Wednesday, September 5, 2012

Confessions of Mark Cuban: The Facebook IPO Sucker

In the comments below, Mark Cuban really nails it. For some time, I have been thinking about putting out a column along the lines of the one Cuban has written. Most times Wall Street operators   outplay companies going public, leaving plenty of money on the table for WS and IPO traders. In the case of Facebook, Facebook out snookered WS and the traders. It doesn't happen very often, but it was well played by Facebook, as Mark Cuban explains:
Andrews Ross Sorkin wrote a piece for the NY Times that was just ridiculous. He put the blame squarely on the back of the CFO of FB. Talk about getting it 180 degrees wrong.
Have you ever been to an auction where the selling party told a buyer to reduce their price because they were worried that the item might not hold its value ? Neither have I.  If the CFO of Facebook came on SharkTank and told me that he was able to sell his shares to the public for $38 a share, but turned down the opportunity, I would crush him for being an idiot.
Facebook was able to raise about 10 BILLION DOLLARS in this IPO. The CFO’s job is not to manage shareholder portfolios. His job is to help Facebook succeed. I don’t know about you, but putting 10 BILLION DOLLARS in the bank in my opinion is one way to help them succeed.
Who’s job is it to help manage the portfolio’s of FB investors ? If an investor doesn’t manage their own portfolio, the brokers who sold them the stock are responsible.  It’s their job to read the prospectus if you as an investor are too lazy to do so.  It is the job of the broker to help the investor understand the value of the company and make a buying decision. No question that there are a lot of brokers out there that did not do their jobs.
As far as traders who bought the stock hoping for a pop. No one cares about them. Seriously. You trade, you know you are going to lose on trades. That is how things work.
I bought and sold FB shares as a TRADE, not an investment. I lost money. When the stock didn’t bounce as I thought/hoped it would, I realized I was wrong and got out. It wasn’t the fault of the FB CFO that I lost money. It was my fault.  I know that no one sells me shares of stock because they expect the price of the stock to go up.  So someone saw me coming and they sold me the stock. That is the way the stock market works. When you sit at the trading terminal you look for the sucker. When you don’t see one, it’s you.  In this case it was me.
If the goal of the company is to maximize the cash obtained from the IPO, then the CFO should absolutely price the stock to maximize the return. If the goal of the company is to get a 1 day pop to make a PR splash , that is a completely different strategy. It obviously was not the strategy of Facebook.  Facebook maximized the cash available to it. They have been very clear that they will not manage the stock, they will manage the company to reach the goals they have been very open and honest about. Good for them.
 Read the rest here.

Note: This doesn't mean that companies should go around screwing new investors. It does mean that you have to go into these things with your eyes wide open. Most of the time in IPOs, it is the company going public that is being taken advantage of by the investment bankers and traders, because the stock is priced too low when it goes public. In this case, Facebook somehow managed to get the edge over the usual operators (To the tune of billions!!). Again, well played, Facebook.

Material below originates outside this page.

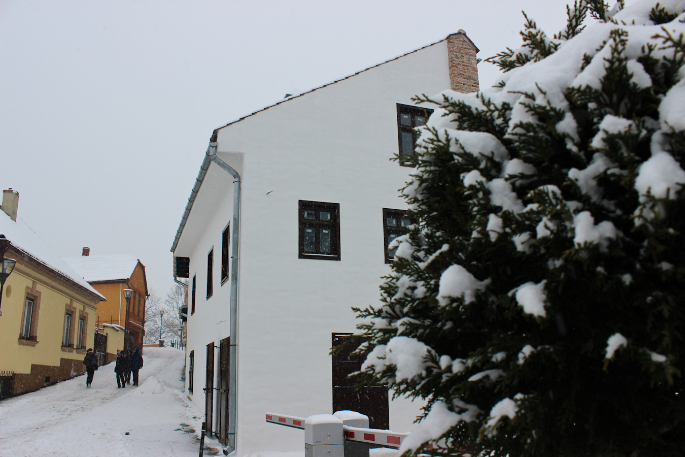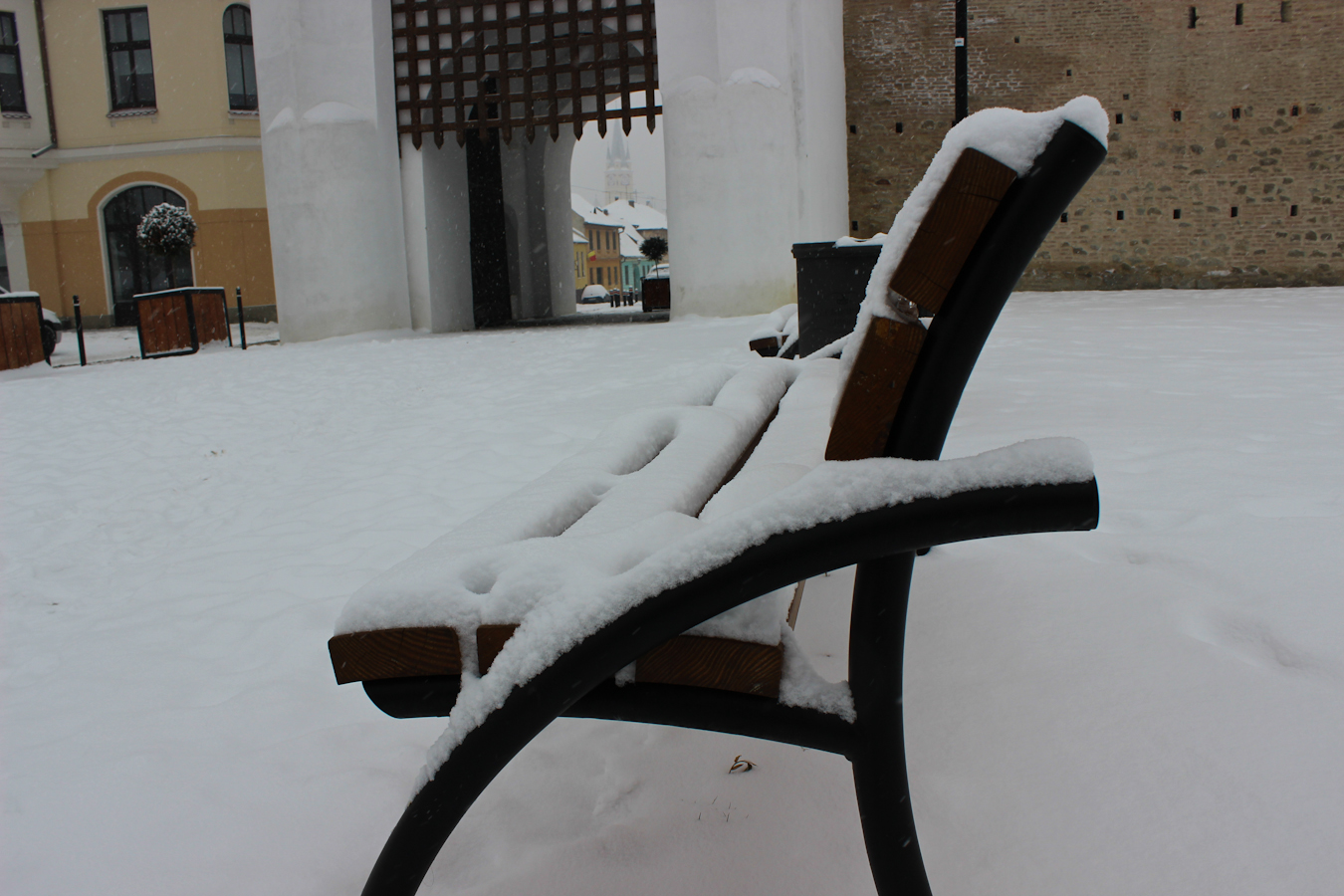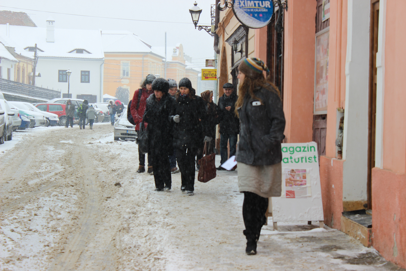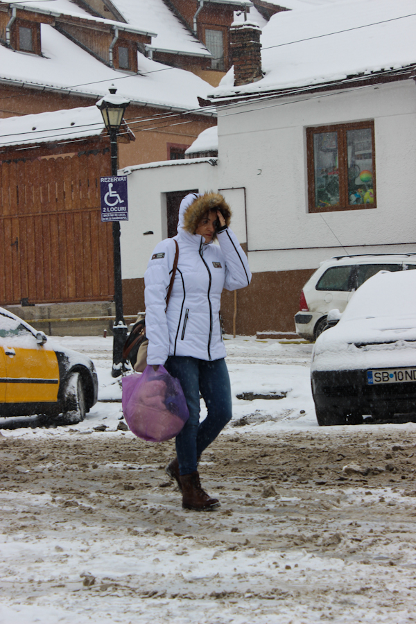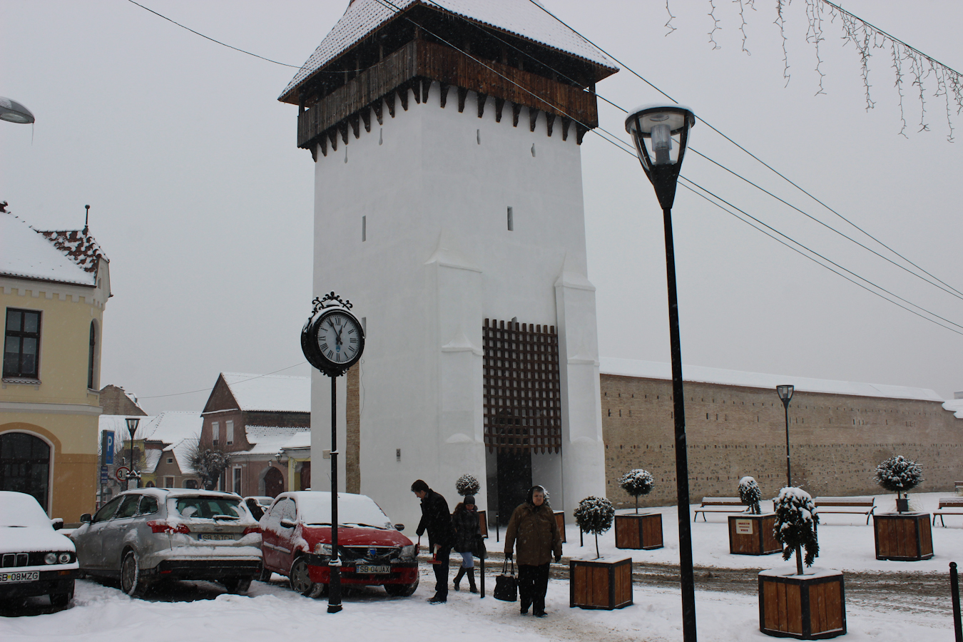 Burgul medieval a fost acoperit de zăpadă. Totul e alb oriunde întorci capul. Străzile, trotuare, casele și chiar oamenii și-au schimbat culoarea.

This comes back to another point I have made about WS.

On WS, everyone is out to grab every penny that is on the table. If you don't know how the game is played, you should stay away. If you understand the game, then it is not impossible to take down some pretty big sharks, no new regulations needed. New regulations always benefit the sharks, since they will have the ability to buy lawyers, congressmen and lobbyists. Instead of worrying about new regulations, just figure out how the game is played and if you are sharp enough, you can out play these guys and put some nice change in your pocket.


  1. While it's not the job of the CFO to manage the volatility of the stock price, it is the job of the CFO to set and meet quarterly revenue/profit expectations with Wall Street.

    In not over-ruling the investment bankers on initial price recommendations, this CFO has tarnished his credibility and made his job more difficult on a quarterly basis, not to mention a subsequent fund raising!

    1. At IPO fhe EPS was over 150 times earnings. Very high expectations to meet future earning goals and make money on this stock. This was a trader's short term play only or a great stock to short. Cuban was waiting for the bigger suckers but it appears he waited a bit too long and they did not come in to pop the stock much. The venture capitalists made out very well also.

  2. I agree with the article. Investment products bankers work for their clients. Their clients are selling stock. Their job is to get the best price possible for their clients. The difficult part of this is now most investment banks also have retail and institutional stock brokerages attached to them. Brokers are looking out for the buy side in these transactions. Ibank presidents have the unfortunate job of moderating the cat fights that break out between these opposing factions within the bank.

  3. I was watching this laughing at all my friends who have lost %50 of their money on this trade. I bought GLD 3 weeks ago and I am up %5. What sounds too good to be true usually is, especially when there is profit in creating a false reality.